▶ The problem: The required output is the line with "Personalized Of Course" through the final line of the entries, each one exactly as it stands.

▶ Data shown:
_ _ _ _
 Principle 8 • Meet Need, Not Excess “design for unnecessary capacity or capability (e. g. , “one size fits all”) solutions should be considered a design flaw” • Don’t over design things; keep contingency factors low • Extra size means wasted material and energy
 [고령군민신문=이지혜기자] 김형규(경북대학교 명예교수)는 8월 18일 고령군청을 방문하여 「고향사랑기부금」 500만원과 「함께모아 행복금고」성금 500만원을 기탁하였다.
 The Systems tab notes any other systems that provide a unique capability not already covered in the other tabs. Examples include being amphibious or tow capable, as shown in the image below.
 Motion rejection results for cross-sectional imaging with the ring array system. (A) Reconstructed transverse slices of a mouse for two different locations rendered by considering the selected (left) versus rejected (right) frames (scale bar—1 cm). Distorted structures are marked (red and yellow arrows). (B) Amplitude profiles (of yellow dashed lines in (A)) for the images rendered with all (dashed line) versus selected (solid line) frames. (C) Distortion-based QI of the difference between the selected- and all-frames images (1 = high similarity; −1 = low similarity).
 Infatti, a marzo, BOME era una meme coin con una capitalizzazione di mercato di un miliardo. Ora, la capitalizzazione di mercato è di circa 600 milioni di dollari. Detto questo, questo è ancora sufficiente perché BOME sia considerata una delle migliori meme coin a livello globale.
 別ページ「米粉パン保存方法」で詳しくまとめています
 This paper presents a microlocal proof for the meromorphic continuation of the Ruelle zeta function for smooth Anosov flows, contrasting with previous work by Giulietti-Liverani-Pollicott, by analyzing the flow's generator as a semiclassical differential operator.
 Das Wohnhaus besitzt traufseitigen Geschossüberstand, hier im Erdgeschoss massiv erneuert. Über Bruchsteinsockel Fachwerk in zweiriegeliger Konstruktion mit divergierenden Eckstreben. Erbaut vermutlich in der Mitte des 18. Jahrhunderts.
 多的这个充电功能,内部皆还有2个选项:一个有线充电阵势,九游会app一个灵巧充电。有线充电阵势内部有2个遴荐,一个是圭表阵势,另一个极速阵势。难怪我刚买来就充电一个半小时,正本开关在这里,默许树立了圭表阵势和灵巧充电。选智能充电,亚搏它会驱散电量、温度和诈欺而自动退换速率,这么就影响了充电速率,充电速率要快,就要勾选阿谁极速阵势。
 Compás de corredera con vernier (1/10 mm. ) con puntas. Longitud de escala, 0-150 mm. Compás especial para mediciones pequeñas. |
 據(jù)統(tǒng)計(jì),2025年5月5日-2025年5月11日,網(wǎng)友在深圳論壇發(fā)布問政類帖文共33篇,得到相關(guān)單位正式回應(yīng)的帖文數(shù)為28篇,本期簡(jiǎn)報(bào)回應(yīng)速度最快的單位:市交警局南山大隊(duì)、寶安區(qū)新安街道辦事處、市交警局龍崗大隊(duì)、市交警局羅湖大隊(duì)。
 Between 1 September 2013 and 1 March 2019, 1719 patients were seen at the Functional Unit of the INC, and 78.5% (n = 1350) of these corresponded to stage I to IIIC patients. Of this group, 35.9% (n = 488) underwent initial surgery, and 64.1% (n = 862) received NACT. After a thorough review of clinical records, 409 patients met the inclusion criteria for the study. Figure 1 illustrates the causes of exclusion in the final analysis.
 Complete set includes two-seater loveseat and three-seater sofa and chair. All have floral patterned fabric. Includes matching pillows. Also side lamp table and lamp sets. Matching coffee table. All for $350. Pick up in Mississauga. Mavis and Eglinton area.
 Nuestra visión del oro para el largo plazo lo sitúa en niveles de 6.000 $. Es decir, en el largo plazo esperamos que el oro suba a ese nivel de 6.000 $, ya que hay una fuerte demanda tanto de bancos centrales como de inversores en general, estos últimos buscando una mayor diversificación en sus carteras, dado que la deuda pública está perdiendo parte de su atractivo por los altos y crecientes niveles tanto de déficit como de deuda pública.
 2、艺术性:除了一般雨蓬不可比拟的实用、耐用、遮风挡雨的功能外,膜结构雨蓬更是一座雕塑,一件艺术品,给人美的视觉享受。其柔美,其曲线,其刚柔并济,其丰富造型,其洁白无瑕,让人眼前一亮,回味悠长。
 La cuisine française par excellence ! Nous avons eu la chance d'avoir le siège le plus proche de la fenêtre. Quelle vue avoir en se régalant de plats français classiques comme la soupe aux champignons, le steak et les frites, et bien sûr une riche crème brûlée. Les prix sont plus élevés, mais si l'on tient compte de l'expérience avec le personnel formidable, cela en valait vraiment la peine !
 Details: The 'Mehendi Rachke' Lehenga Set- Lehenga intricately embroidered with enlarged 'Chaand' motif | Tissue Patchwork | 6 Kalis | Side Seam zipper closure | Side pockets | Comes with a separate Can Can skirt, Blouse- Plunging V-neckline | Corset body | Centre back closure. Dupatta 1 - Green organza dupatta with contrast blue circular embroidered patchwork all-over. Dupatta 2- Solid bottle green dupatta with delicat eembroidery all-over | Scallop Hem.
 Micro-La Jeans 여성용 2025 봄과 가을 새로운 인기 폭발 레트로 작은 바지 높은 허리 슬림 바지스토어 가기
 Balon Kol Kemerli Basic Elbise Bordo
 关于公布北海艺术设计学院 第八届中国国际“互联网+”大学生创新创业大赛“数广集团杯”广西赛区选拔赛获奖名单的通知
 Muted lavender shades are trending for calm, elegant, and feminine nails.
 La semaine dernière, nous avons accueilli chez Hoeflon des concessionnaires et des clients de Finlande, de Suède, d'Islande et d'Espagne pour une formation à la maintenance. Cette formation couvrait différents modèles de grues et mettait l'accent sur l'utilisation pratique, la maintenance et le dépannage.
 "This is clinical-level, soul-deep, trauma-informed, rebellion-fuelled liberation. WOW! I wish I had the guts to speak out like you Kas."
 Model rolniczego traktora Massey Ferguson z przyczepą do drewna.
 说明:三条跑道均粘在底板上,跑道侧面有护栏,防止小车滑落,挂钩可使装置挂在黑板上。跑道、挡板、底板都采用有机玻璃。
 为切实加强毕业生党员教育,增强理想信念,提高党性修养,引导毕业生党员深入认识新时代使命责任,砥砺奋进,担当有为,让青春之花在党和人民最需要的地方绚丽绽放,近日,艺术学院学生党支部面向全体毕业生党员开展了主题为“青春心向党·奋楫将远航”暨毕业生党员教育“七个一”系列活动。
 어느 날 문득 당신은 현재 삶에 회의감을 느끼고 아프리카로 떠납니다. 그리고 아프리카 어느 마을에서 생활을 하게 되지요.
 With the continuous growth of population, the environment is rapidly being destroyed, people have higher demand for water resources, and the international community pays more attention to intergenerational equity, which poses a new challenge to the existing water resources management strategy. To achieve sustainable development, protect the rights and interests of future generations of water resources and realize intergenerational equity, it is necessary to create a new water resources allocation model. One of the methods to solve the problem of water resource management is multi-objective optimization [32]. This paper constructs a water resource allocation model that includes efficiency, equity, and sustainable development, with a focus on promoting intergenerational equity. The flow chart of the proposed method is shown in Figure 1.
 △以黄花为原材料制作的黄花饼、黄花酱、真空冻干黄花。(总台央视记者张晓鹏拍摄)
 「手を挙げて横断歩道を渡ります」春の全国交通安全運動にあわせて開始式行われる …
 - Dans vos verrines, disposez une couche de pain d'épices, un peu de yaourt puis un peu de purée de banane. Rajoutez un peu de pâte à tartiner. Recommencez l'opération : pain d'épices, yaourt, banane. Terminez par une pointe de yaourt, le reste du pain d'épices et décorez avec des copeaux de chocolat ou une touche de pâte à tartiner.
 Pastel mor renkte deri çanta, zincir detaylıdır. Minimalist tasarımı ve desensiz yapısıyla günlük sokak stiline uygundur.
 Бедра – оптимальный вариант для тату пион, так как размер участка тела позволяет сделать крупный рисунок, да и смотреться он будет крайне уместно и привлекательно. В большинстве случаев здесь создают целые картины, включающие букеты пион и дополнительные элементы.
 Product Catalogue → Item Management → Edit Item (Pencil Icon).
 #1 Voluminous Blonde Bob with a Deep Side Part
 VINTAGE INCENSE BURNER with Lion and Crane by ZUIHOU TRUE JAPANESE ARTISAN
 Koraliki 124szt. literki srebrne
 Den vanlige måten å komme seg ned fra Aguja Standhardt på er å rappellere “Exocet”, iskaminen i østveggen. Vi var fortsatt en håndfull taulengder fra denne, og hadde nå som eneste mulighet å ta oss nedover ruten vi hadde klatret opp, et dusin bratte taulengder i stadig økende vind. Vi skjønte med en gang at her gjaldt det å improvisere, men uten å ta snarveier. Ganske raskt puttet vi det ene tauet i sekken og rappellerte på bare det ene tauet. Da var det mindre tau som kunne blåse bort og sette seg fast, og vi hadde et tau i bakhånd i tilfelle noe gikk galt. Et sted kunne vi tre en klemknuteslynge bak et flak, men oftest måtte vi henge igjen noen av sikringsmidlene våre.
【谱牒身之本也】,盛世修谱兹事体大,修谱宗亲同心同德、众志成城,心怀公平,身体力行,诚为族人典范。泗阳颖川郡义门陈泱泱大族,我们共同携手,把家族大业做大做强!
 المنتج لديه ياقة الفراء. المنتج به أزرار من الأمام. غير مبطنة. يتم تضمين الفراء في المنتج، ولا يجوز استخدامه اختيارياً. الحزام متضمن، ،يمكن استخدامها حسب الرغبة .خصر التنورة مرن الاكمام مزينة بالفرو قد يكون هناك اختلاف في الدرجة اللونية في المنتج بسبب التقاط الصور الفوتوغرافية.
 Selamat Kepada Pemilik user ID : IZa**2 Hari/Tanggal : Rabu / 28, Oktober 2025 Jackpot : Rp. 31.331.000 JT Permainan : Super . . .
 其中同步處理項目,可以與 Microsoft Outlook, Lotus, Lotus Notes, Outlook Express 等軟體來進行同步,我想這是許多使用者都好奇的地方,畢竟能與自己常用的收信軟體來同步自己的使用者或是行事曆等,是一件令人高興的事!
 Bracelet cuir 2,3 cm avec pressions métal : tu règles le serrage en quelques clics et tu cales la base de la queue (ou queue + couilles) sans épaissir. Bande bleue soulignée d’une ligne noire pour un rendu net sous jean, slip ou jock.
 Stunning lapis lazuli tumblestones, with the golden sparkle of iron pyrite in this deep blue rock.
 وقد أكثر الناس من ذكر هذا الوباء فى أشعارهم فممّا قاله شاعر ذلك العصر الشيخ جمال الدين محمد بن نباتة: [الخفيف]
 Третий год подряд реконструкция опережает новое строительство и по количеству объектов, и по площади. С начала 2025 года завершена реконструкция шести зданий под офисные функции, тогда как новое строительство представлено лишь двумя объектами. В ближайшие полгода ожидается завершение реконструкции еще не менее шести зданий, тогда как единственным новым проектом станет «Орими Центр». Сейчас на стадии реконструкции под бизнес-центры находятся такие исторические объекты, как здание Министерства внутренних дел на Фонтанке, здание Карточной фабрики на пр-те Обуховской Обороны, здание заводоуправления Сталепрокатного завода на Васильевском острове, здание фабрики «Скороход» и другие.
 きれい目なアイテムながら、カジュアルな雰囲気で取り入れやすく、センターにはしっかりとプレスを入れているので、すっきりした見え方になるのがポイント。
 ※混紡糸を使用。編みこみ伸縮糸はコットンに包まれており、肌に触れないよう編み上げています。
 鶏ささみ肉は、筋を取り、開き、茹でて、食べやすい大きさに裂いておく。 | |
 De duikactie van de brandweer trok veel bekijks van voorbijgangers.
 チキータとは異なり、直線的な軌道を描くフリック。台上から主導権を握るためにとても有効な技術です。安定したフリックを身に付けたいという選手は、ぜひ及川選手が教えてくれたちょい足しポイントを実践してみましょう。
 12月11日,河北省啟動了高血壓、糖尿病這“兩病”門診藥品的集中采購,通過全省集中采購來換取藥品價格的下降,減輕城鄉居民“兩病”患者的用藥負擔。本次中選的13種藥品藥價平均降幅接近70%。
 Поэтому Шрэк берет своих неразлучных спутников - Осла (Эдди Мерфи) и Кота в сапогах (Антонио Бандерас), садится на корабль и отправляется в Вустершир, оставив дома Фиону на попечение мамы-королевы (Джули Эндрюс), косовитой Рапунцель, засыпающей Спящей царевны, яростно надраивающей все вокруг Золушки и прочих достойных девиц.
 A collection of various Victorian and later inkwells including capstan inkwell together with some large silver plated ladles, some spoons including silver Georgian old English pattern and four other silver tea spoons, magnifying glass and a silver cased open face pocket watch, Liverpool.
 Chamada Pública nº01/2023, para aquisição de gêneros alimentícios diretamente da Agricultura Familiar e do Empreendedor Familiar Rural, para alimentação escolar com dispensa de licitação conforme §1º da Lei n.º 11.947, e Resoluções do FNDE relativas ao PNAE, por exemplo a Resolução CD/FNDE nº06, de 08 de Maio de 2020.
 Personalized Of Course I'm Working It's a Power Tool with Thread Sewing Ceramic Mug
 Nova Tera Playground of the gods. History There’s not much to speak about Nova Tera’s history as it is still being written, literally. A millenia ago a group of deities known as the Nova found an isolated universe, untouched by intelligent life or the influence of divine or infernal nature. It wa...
_ _ _ _
▶ Response area:
 Personalized Of Course I'm Working It's a Power Tool with Thread Sewing Ceramic Mug
 Nova Tera Playground of the gods. History There’s not much to speak about Nova Tera’s history as it is still being written, literally. A millenia ago a group of deities known as the Nova found an isolated universe, untouched by intelligent life or the influence of divine or infernal nature. It wa...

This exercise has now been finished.